Генри Саттон - Бесстыдница
Уотерс взял со стола томик Рескина, полистал и прочитал вслух отрывок, который ему особенно нравился:
— «…причудливые колоннады крытых галерей с разноцветными переливающимися колоннами, высеченными из яшмы, порфира и мрамора, который, подобно Клеопатре, подставляет для поцелуя и в то же время прячет от нескромных солнечных лучей свои самые затаенные места… Колдунья-тень, крадучись, словно вор, сползает с колонн, обнажая один за другим лазурные изгибы прожилок, подобно тому, как отливная волна оставляет за собой песчаные волночки на берегу; капители затканы затейливыми хитросплетениями, венками невиданных трав, ползучими гирляндами аканта и виноградными лозами, а также мистическими символами и узорами, начинающимися и заканчивающимися Крестом; венчающие крышу портика широкие архивольты, как нескончаемая цепочка жизни…»
Мерри, облокотившись о стол и уперев подбородок о ладонь, слушала затаив дыхание.
— Просто замечательно, — сказала она.
— Вам понравится в Венеции, — сказал он. — Я это знаю наверняка.
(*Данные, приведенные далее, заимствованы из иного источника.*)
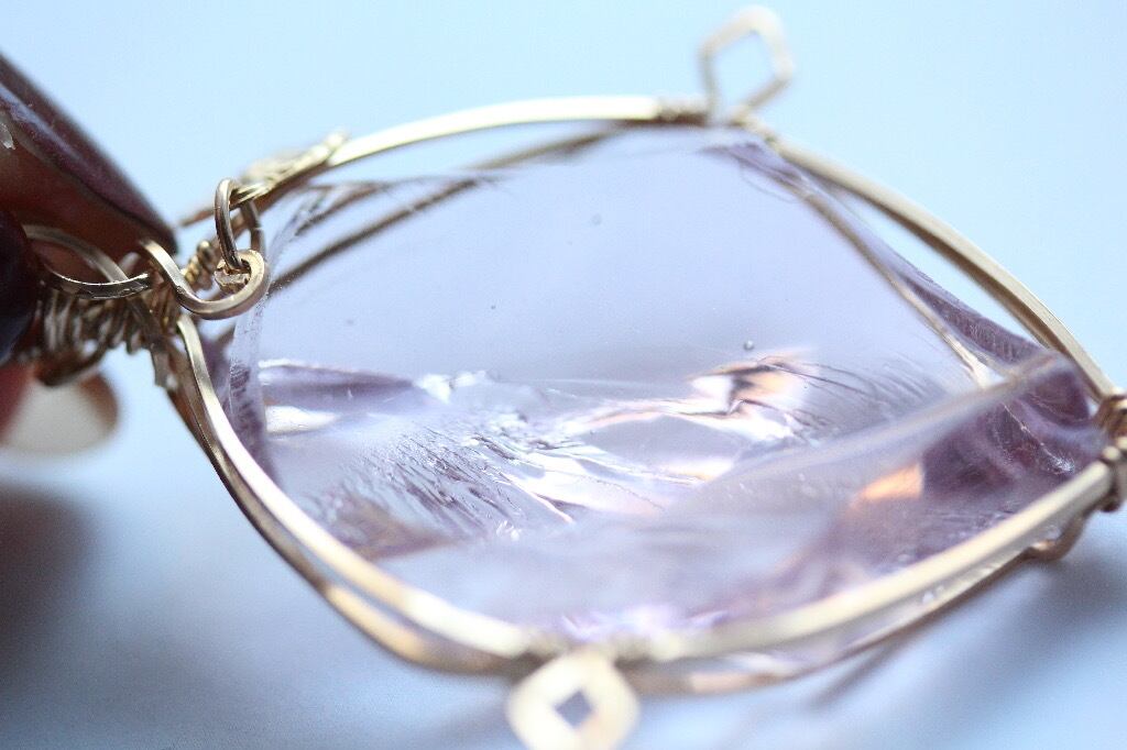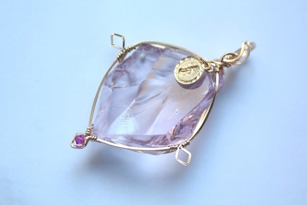 お石は平たいので、胸元でコロコロと転がりません柔らかくそれでいて凛とした雰囲気を醸し出すこのクリスタルに、14kgfメダイをあしらいました

Ночью, уже забравшись в постель, Мерри раскрыла томик Рескина, чтобы почитать перед сном. На форзаце рукой Уотерса было начертано: «Милой Мерри — с любовью. Джим».
Мерри вздохнула, перечитала надпись, потом перевернула страницу и начала читать: «С тех пор как человек завоевал власть над океаном, над просторами океанического брега вознеслись три могущественные твердыни…»
Уотерс не слишком преувеличивал, сравнив Венецианский фестиваль со званым ужином. Разница, пожалуй, была лишь в масштабах. Телеграмма, доставленная в Монтрё, на виллу Мередита Хаусмана, была воспринята как предложение сменить обстановку и расслабиться.
Нони изнывала от скуки, ведя тихую и уединенную жизнь на безлюдном берегу озера. Она уже два дня приставала к Мередиту, уговаривая принять приглашение покататься на яхте. Мередит всячески отнекивался.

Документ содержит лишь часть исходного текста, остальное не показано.